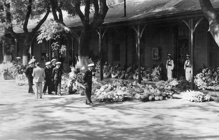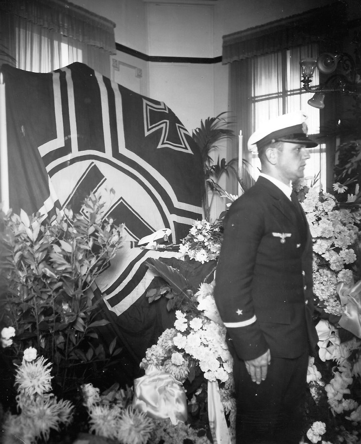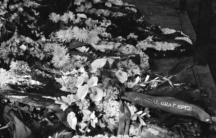 December 20, 1939: Flowers brought in tribute to Kapitän zur See Hans W. Langsdorff. |
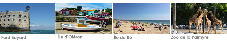 L’île d’Oléron, de Ré, d’Aix et l’île Madame n’attendent que vous ! De nombreuses visites sont à faire sur ses îles, vous ne pouvez pas vous ennuyer ! Que vous souhaitiez passer votre après-midi à bronzer ou à vous balader, vous avez le choix grâce aux différentes plages et sentiers.
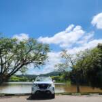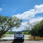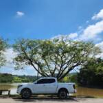 Na chegada a Serra Negra, percorri pequenos trechos fora de estrada em áreas de acesso rural. O sistema de tração 4×4 e os pneus All Terrain ajudaram na progressão por caminhos com trechos de terra e pequenas irregularidades. Nessas condições, a altura livre do solo e o curso da suspensão são fatores que contribuem para o deslocamento da picape.
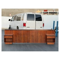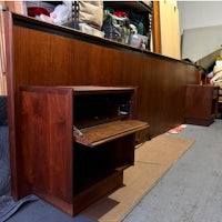 WALNUT!! We don't get many walnut beds and this one is really neat! I believe it's by Dillingham. The lonnng headboard and nightstands are attached so it's all one piece. It can fit a standard king or California king bed (measures 80.5" between the nightstands). The nightstands have a lil drop down door instead of a drawer!
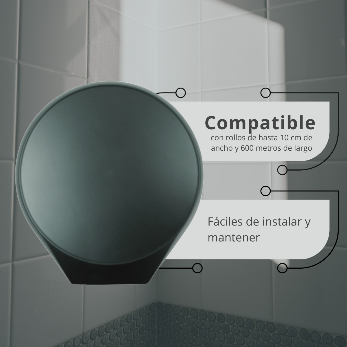 🧻 Compatible con rollos de hasta 10 cm de ancho y 600 metros de largo🎨 Diseño con acabado rugoso para prevenir rayaduras👁️🗨️ Zona central lisa para facilitar la visibilidad del rollo
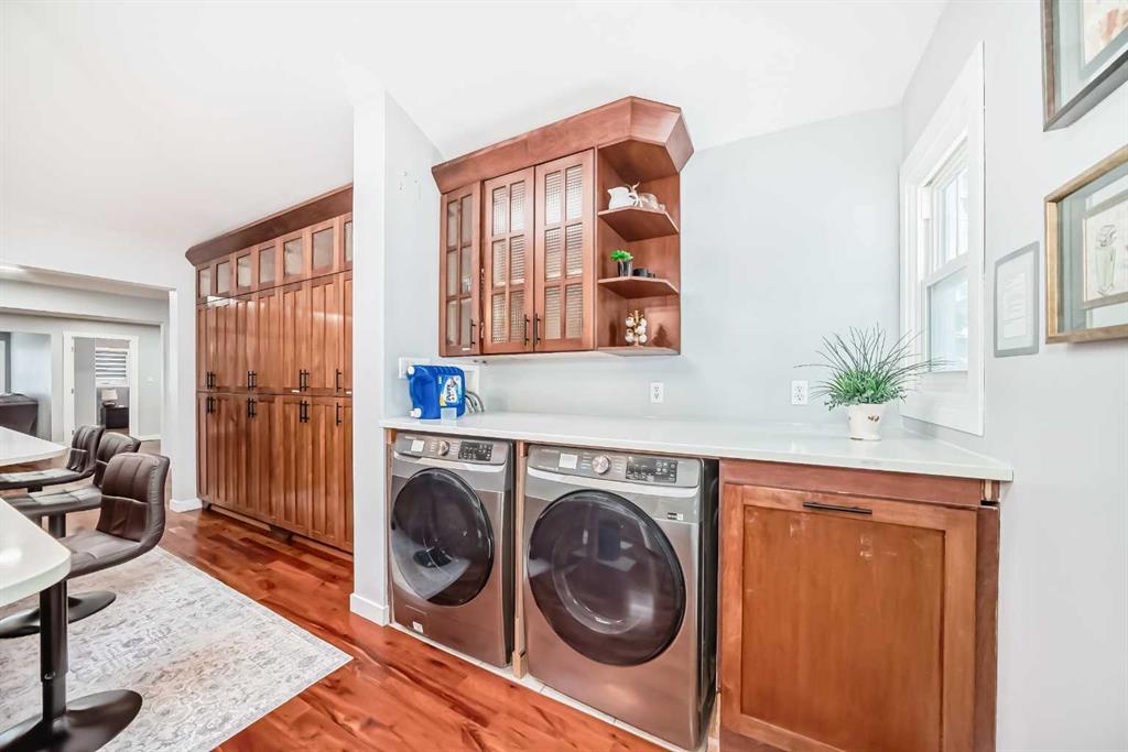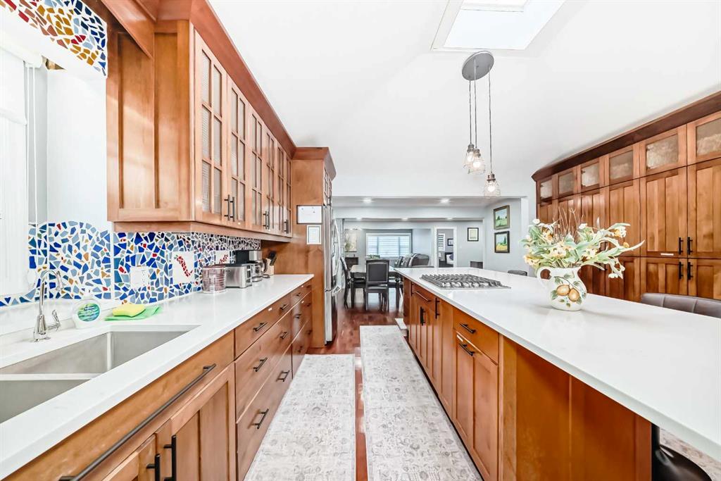 Welcome to this beautifully maintained bungalow situated on a desirable corner lot. The main floor offers a bright and functional layout featuring three spacious bedrooms and two full bathrooms, including a generously sized primary bedroom. The fully developed basement provides three additional bedrooms, two full bathrooms, and expansive living and recreation spaces—ideal for extended family or guests. The home showcases a renovated kitchen with custom cabinetry, quality finishes, ample counter space, and a large central island, seamlessly connecting to the dining and living areas. Large windows and a skylight fill the home with natural light, while hardwood flooring enhances the warm and inviting atmosphere throughout the main living spaces. Outside, enjoy a low-maintenance yard complete with maintenance-free fencing, a maintenance-free deck, and new landscaping, perfect for relaxing or entertaining. Additional highlights include two detached garages, providing excellent parking and storage options. A well-appointed property offering space, functionality, and pride of ownership in a sought-after location.
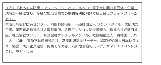 あべてん防災コンソーシアムは、防災月間である9月に合わせて、防災について学び、備えることを目的とした防災イベント「あべてんBOSAIスイッチ」を初開催します。あべの・天王寺で防災の課題解決に取り組む企業や団体で構成される「あべてん防災コンソーシアム」が主催し、地域の皆様が協力して企画・運営するイベントとなっています。「あなたの防災意識にスイッチ!」を合言葉に、地域の方はもちろん遠方からあべのハルカスにお越しになったお客さまにも、防災について考えるきっかけとなればという想いから開催にいたりました。
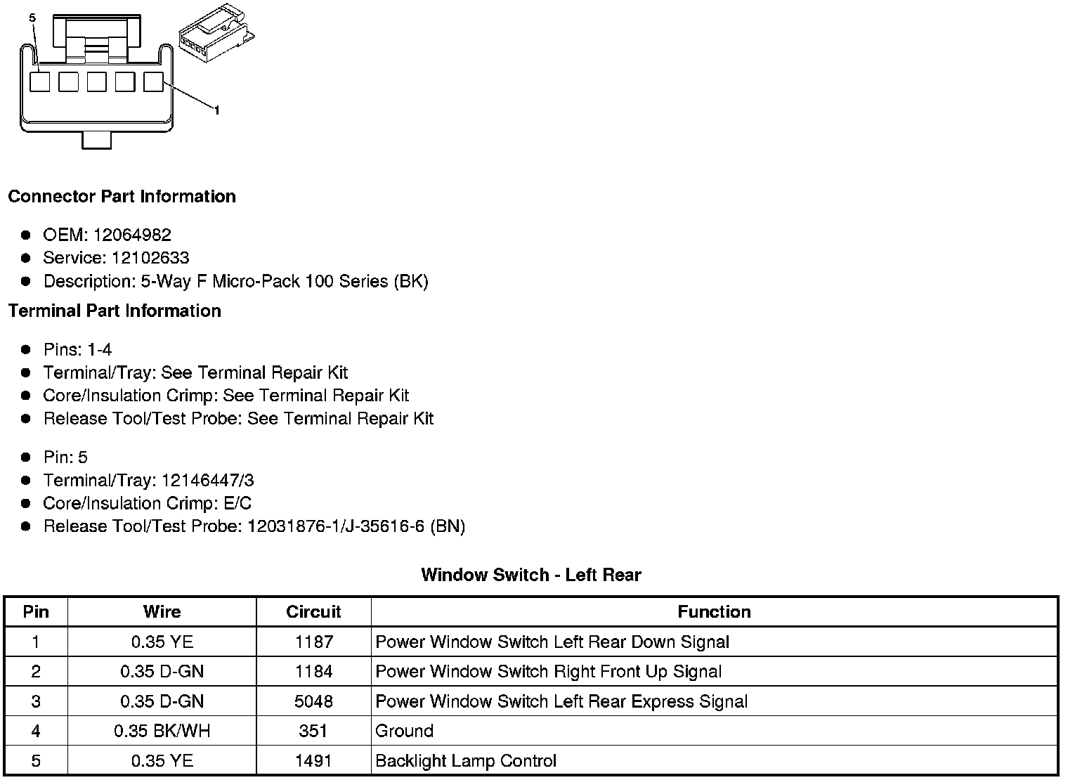 Window Switch - Left Rear
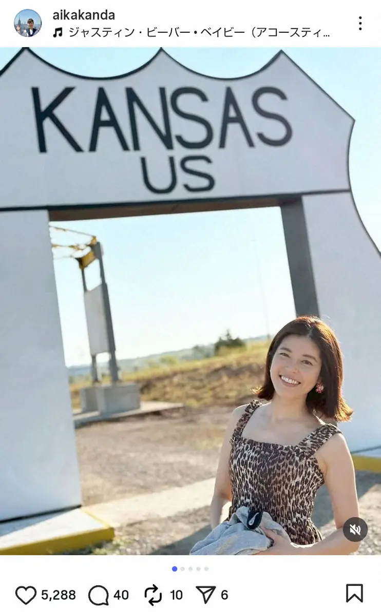 この日は、カンザス州での写真を投稿。「映画『カーズ』を見てから行って良かった」と映画『カーズ』の世界を満喫したことを報告。ヒョウ柄のワンピース姿も披露し、「アメリカの空には、やっぱりヒョウ柄が合うぅぅ」とつづった。ハッシュタグでは「カンザス州」「カーズ」などと付け加えた。
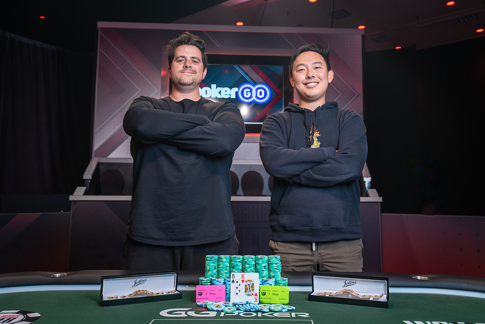 Завершает наш мини-отчёт милая история из $1K Tag Team. Если в 2022 году победу в нём праздновали не слишком близко знакомые в то время Патрик Леонард и Эспен Йорстад, то в 2023 браслеты забрали давние друзья Майкл Савакинас и Сатоши Танака.
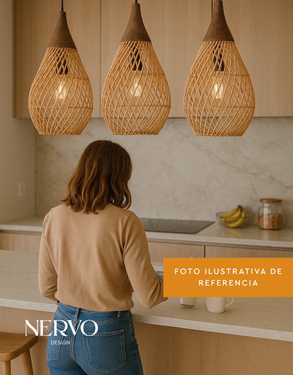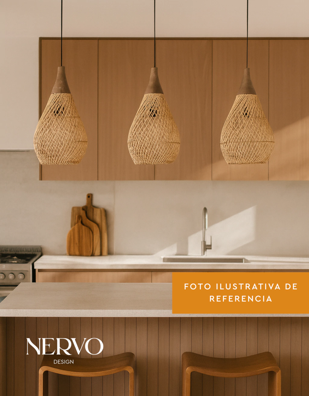 Este set de 3 lámparas es perfecto para colocar sobre barras o islas de cocina, logrando un espacio cálido, armónico y con un toque natural que enamora. Su diseño de líneas orgánicas y materiales nobles las convierten en piezas protagonistas que realzan cualquier ambiente.
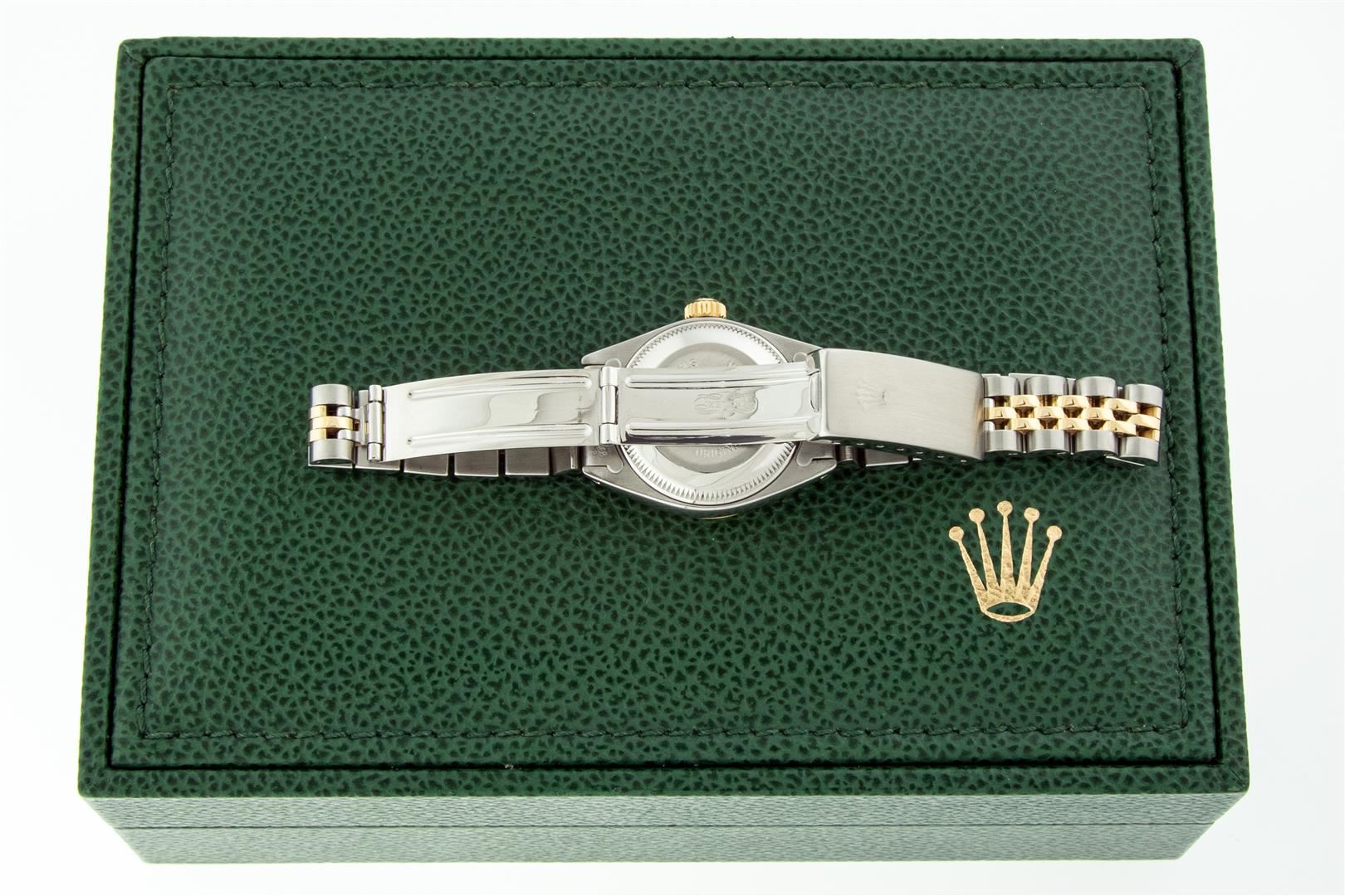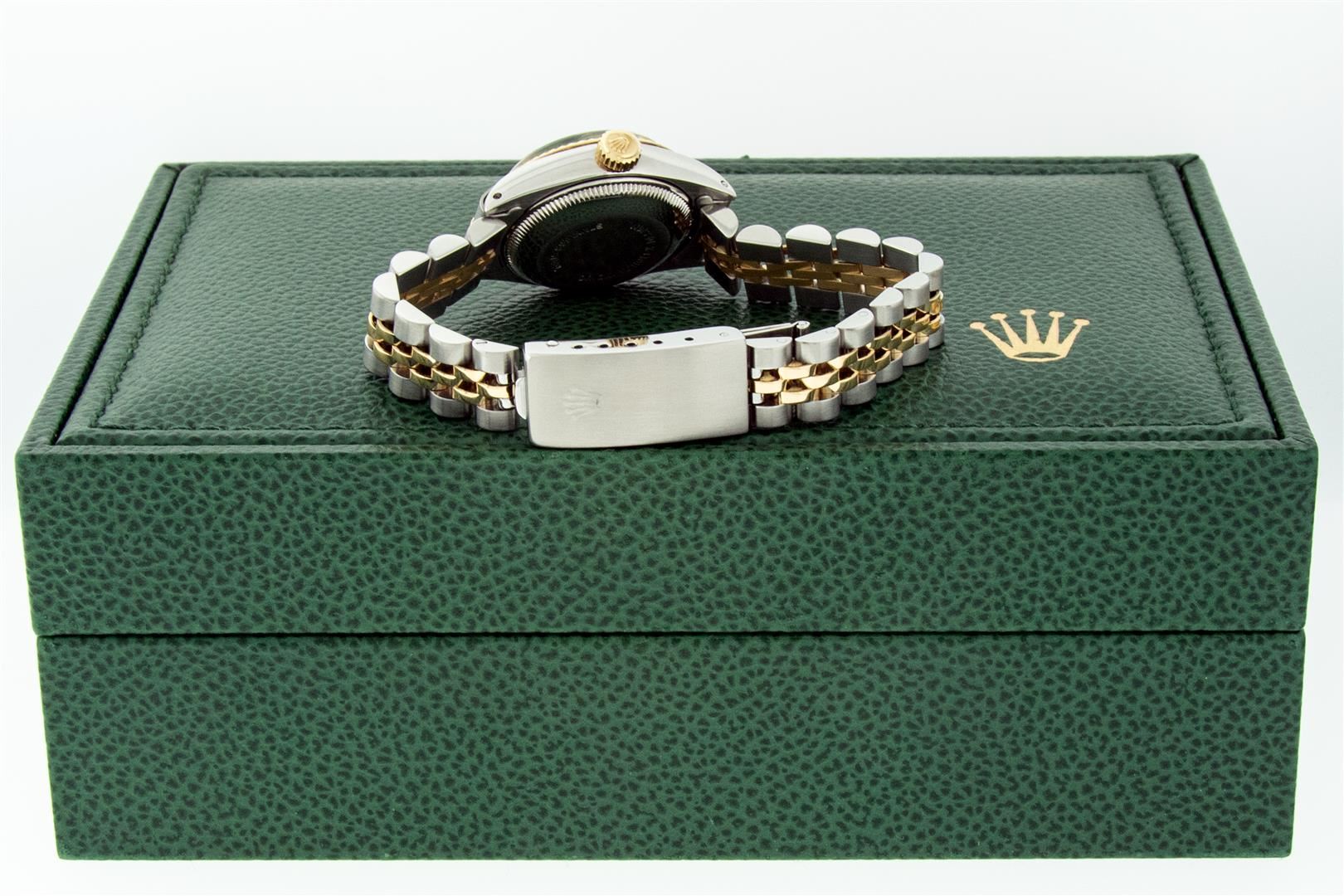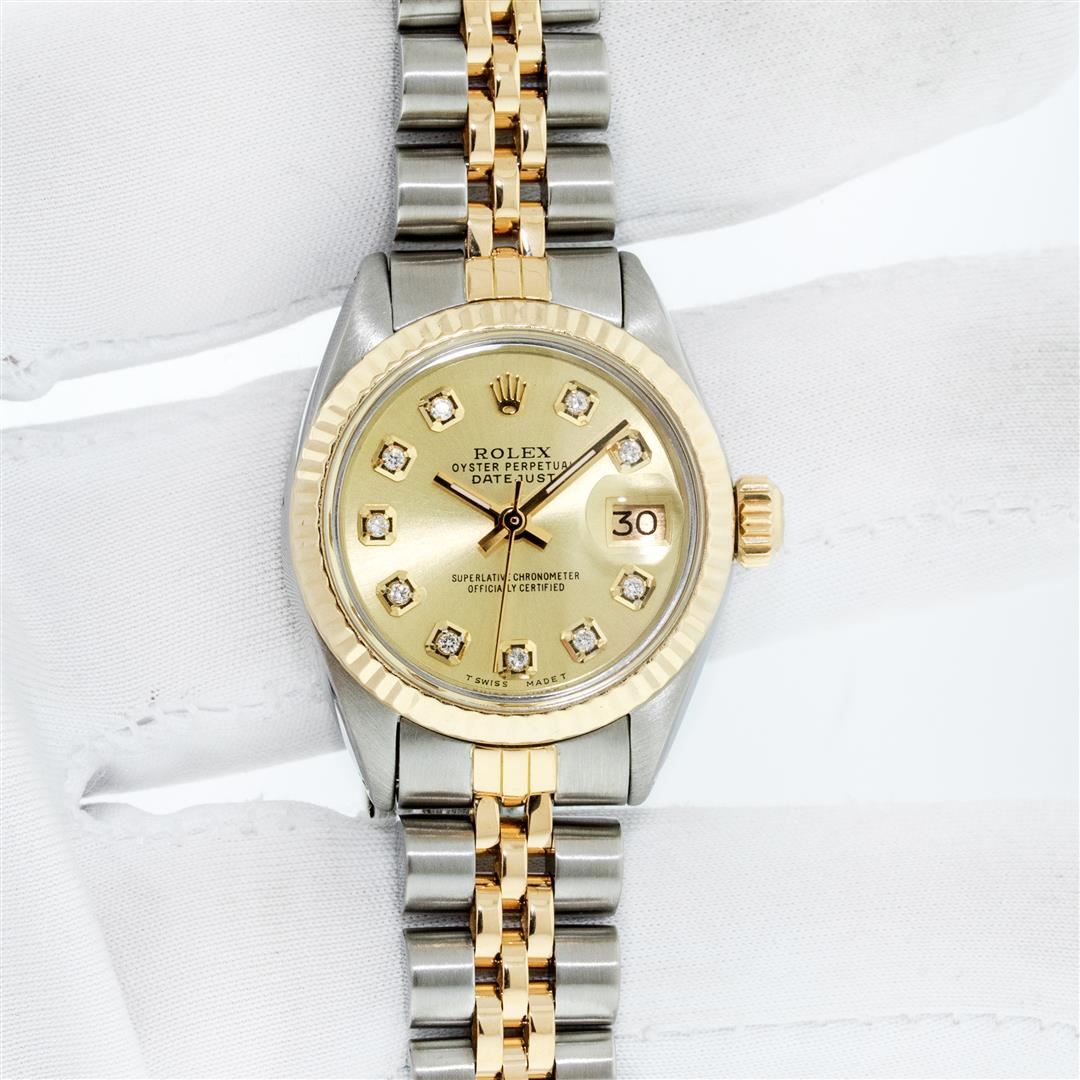 One Ladies Pre Owned Two Tone Rolex Datejust Polished, Serviced & Electronically Tested, Yellow Gold & Stainless Steel Case: 26mm, Yellow Gold Crown, Rolex Bezel: Rolex Yellow Gold Fluted Bezel. Custom Crystal: New Acrylic Cyclops Lens. Custom Hands: New Luminescent Hands. Rolex Movement: Automatic Winding Movement. Custom Dial: Refinished To Champagne With Diamond Hour Markers, Diamond Count: 10 Diamonds In Dial, Color: G to H, Clarity: VS2-SI1. Date Window: 3 O'Clock Position Date Display, Model: Datejust. Condition: G-6 Extra Fine. Rolex Bracelet: Two Tone Yellow Gold & Stainless Steel Jubilee Band. Bright Polish. 6.0 Inch Length, Adjustable. Standard Clasp, With Rolex Logo. This Watch Has Been Serviced Time Tested And Is In Excellent Condition It Is Free Of All Scratches And Dents. This Watch Comes With A Rolex Box.

○ ○ ○ ○ ○ ○ ○

▶ YOUR GOAL: Copy the data exactly. Pictures do not belong in the copy.

▶ REPLY:
 December 20, 1939: Flowers brought in tribute to Kapitän zur See Hans W. Langsdorff. |
 L’île d’Oléron, de Ré, d’Aix et l’île Madame n’attendent que vous ! De nombreuses visites sont à faire sur ses îles, vous ne pouvez pas vous ennuyer ! Que vous souhaitiez passer votre après-midi à bronzer ou à vous balader, vous avez le choix grâce aux différentes plages et sentiers.
 Na chegada a Serra Negra, percorri pequenos trechos fora de estrada em áreas de acesso rural. O sistema de tração 4×4 e os pneus All Terrain ajudaram na progressão por caminhos com trechos de terra e pequenas irregularidades. Nessas condições, a altura livre do solo e o curso da suspensão são fatores que contribuem para o deslocamento da picape.
 WALNUT!! We don't get many walnut beds and this one is really neat! I believe it's by Dillingham. The lonnng headboard and nightstands are attached so it's all one piece. It can fit a standard king or California king bed (measures 80.5" between the nightstands). The nightstands have a lil drop down door instead of a drawer!
 🧻 Compatible con rollos de hasta 10 cm de ancho y 600 metros de largo🎨 Diseño con acabado rugoso para prevenir rayaduras👁️🗨️ Zona central lisa para facilitar la visibilidad del rollo
 Welcome to this beautifully maintained bungalow situated on a desirable corner lot. The main floor offers a bright and functional layout featuring three spacious bedrooms and two full bathrooms, including a generously sized primary bedroom. The fully developed basement provides three additional bedrooms, two full bathrooms, and expansive living and recreation spaces—ideal for extended family or guests. The home showcases a renovated kitchen with custom cabinetry, quality finishes, ample counter space, and a large central island, seamlessly connecting to the dining and living areas. Large windows and a skylight fill the home with natural light, while hardwood flooring enhances the warm and inviting atmosphere throughout the main living spaces. Outside, enjoy a low-maintenance yard complete with maintenance-free fencing, a maintenance-free deck, and new landscaping, perfect for relaxing or entertaining. Additional highlights include two detached garages, providing excellent parking and storage options. A well-appointed property offering space, functionality, and pride of ownership in a sought-after location.
 あべてん防災コンソーシアムは、防災月間である9月に合わせて、防災について学び、備えることを目的とした防災イベント「あべてんBOSAIスイッチ」を初開催します。あべの・天王寺で防災の課題解決に取り組む企業や団体で構成される「あべてん防災コンソーシアム」が主催し、地域の皆様が協力して企画・運営するイベントとなっています。「あなたの防災意識にスイッチ!」を合言葉に、地域の方はもちろん遠方からあべのハルカスにお越しになったお客さまにも、防災について考えるきっかけとなればという想いから開催にいたりました。
 Window Switch - Left Rear
 この日は、カンザス州での写真を投稿。「映画『カーズ』を見てから行って良かった」と映画『カーズ』の世界を満喫したことを報告。ヒョウ柄のワンピース姿も披露し、「アメリカの空には、やっぱりヒョウ柄が合うぅぅ」とつづった。ハッシュタグでは「カンザス州」「カーズ」などと付け加えた。
 Завершает наш мини-отчёт милая история из $1K Tag Team. Если в 2022 году победу в нём праздновали не слишком близко знакомые в то время Патрик Леонард и Эспен Йорстад, то в 2023 браслеты забрали давние друзья Майкл Савакинас и Сатоши Танака.
 Este set de 3 lámparas es perfecto para colocar sobre barras o islas de cocina, logrando un espacio cálido, armónico y con un toque natural que enamora. Su diseño de líneas orgánicas y materiales nobles las convierten en piezas protagonistas que realzan cualquier ambiente.
 One Ladies Pre Owned Two Tone Rolex Datejust Polished, Serviced & Electronically Tested, Yellow Gold & Stainless Steel Case: 26mm, Yellow Gold Crown, Rolex Bezel: Rolex Yellow Gold Fluted Bezel. Custom Crystal: New Acrylic Cyclops Lens. Custom Hands: New Luminescent Hands. Rolex Movement: Automatic Winding Movement. Custom Dial: Refinished To Champagne With Diamond Hour Markers, Diamond Count: 10 Diamonds In Dial, Color: G to H, Clarity: VS2-SI1. Date Window: 3 O'Clock Position Date Display, Model: Datejust. Condition: G-6 Extra Fine. Rolex Bracelet: Two Tone Yellow Gold & Stainless Steel Jubilee Band. Bright Polish. 6.0 Inch Length, Adjustable. Standard Clasp, With Rolex Logo. This Watch Has Been Serviced Time Tested And Is In Excellent Condition It Is Free Of All Scratches And Dents. This Watch Comes With A Rolex Box.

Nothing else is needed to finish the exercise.